- About this task -
The data below should be retyped exactly, with the pictures left out.

- Supplied material -
****************************************
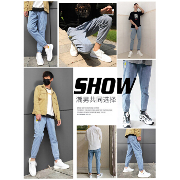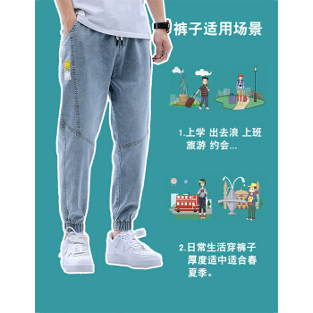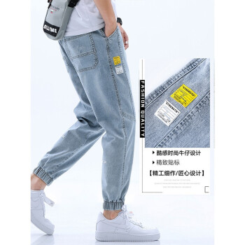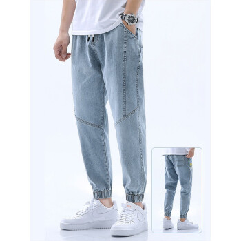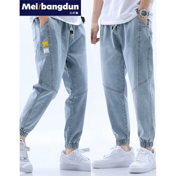 美邦顿 牛仔裤男 春夏新品时尚潮流百搭休闲裤男宽松透气弹力束脚裤小脚裤九分裤长裤男装裤子 浅蓝 XL |
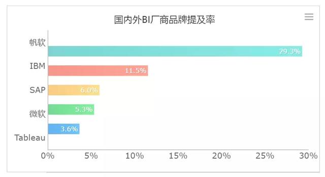 在市场知名度方面(品牌提及率,提到BI想到的厂商品牌),帆软以29.27%的品牌提及率一马当先,IBM以11.54%、SAP以5.98%分列榜眼、探花,微软以5.34%位居第四,Tableau以3.63%位居第五。
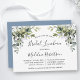 Moderne Elegant Aquarelle Botanique Verdure Fête des mariées Luncheon Invitation Card comprend des feuilles d'eucalyptus, vert feuillage botanique, feuilles bleu poussiéreux et d'autres belles verdure botanique. Script de calligraphie. Bleu Dusty Back.
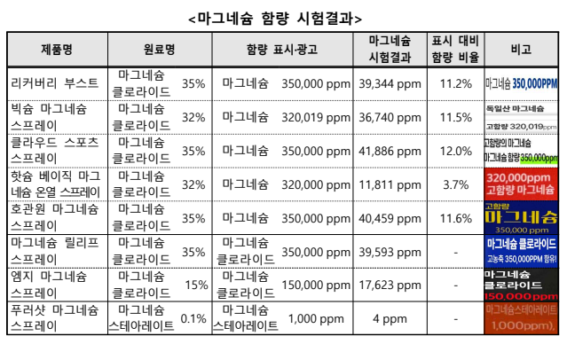 마그네슘 함량 표시와 실제 함량 간 차이도 확인됐다.
****************************************
- Reply -
 美邦顿 牛仔裤男 春夏新品时尚潮流百搭休闲裤男宽松透气弹力束脚裤小脚裤九分裤长裤男装裤子 浅蓝 XL |
 在市场知名度方面(品牌提及率,提到BI想到的厂商品牌),帆软以29.27%的品牌提及率一马当先,IBM以11.54%、SAP以5.98%分列榜眼、探花,微软以5.34%位居第四,Tableau以3.63%位居第五。
 Moderne Elegant Aquarelle Botanique Verdure Fête des mariées Luncheon Invitation Card comprend des feuilles d'eucalyptus, vert feuillage botanique, feuilles bleu poussiéreux et d'autres belles verdure botanique. Script de calligraphie. Bleu Dusty Back.
 마그네슘 함량 표시와 실제 함량 간 차이도 확인됐다.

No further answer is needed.